「今は辛いかもしれないですけども、越えられないハードルは潜(くぐ)ってしまっていいよというようなメッセージがあるのです。自分の目の前にハードルがきた時にそれをジャンプして飛び越えようとか乗り越えようと考えるのではなくて、このハードルはちょっと自分には高くて、飛べそうじゃないなぁと思ったら、ちょっと横になって寝て、そのハードルが自分の頭の上を通り過ぎていくのを待つというような対処の仕方もあっていいのではないかなぁと思っています。
あとは、人間というのは、『負けたら終わり』なのではなくて、『辞めたら終わりなのだよ』という言葉があるのです。私は何回も負けたなとは思うのですね。
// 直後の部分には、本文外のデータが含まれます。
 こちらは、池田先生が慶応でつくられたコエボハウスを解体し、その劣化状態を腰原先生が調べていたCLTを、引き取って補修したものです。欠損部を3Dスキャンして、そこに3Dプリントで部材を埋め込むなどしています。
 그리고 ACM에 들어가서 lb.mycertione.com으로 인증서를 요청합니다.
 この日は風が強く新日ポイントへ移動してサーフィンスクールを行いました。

挫折は何回も経験しているのですけれども、しばらくはくたばっているのですがまた起き上がってやっていけば、それは本当の終わりではない。起き上がるということを辞めてしまった時が終わりなのだと自分では思っているので、失敗を恐れずに、いろんなことにチャレンジしていっていただければなぁと思います。」
「私が思ったのは、やっぱり気持ちの持ち方が、精神病の回復には大きな要になっていると思います。“リフレイミング”と言って、物事を肯定的に捉え直すという意味なのですけれども、1つの出来事というのは、良いとか悪いとかということはなくて、良い面もあれば悪い側面もあるということを、いつも頭の中においていただいて、気持ちを前向きにもっていくということですね。
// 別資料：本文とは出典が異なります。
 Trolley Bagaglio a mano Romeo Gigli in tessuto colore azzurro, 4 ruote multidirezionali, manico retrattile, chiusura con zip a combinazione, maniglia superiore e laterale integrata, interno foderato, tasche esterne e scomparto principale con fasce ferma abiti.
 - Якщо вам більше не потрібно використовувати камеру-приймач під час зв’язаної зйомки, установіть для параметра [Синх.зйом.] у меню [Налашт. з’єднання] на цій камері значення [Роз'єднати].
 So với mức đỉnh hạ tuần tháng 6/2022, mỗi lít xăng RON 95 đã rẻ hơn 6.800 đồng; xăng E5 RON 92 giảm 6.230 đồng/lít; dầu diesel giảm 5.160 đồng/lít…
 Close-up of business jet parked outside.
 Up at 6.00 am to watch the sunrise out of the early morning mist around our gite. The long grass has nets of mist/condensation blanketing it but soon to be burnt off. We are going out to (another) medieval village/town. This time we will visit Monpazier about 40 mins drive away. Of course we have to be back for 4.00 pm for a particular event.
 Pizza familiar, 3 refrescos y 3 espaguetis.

そのために、私がやっていたことは、その日にあった良かったことやはじめて体験したことだけを日記に毎日書いていくということ。それを365日続ければ、自然にリフレイミングができます。どうしてもネガテイブに、悪い方向に考えてしまう自分の悪い考え方の癖みたいなものを直していかれるということは、自分1人でもできる簡単でお勧めの方法です。
本の中に、生死(を左右する)の病の方に対しても、有効な手立てがたくさん書いてあります。まぁ、自己実現するといっても、健常者の方のように、大成功するというようなことはなかなか難しいとは思うのですが、自分のできる範囲内で、自分のポテンシャルを最大に発揮して、何かやりたいことをやっていくということは、たとえ心の病気があったとしても、どんな方にとっても可能なことだと私は思います。
私の場合は、どちらかというと病気になったが故に本も出せたという部分があると思うのですね。平凡な主婦であれば、書きたいと思う内容もなかったでしょうし、おそらく主婦業だけやって、平凡に一生を終えたと思うのです。病気の前にしていた仕事は、塾の英語の講師だったのですが、今は逆にその病を得たがために、職業リハビリテーションセンターの講師の仕事をしていますので、今までの自分には考えられなかった、潜在的な可能性みたいなものが、かえって出てきて、以前は思いもよらなかったような仕事を、今はしているという感じがします。」
「やはり、こういう病気に対するステイグマ(偏見)がすごく根強く今でも残っているので、誰かがこの活動をしなくてはならないという使命感のようなものが、自分の内側から、ふつふつと出てきて、かつては苦手だったような仕事も今はやっているというのが、現状だと思います。
やはり、『当事者が声をあげていかないことには、他の誰が一体やってくれるんや』ということになりますので、ある程度回復した方が、こういう活動を地道にしていくことが、差別・偏見の解消につながっていくのではないかなと思います。」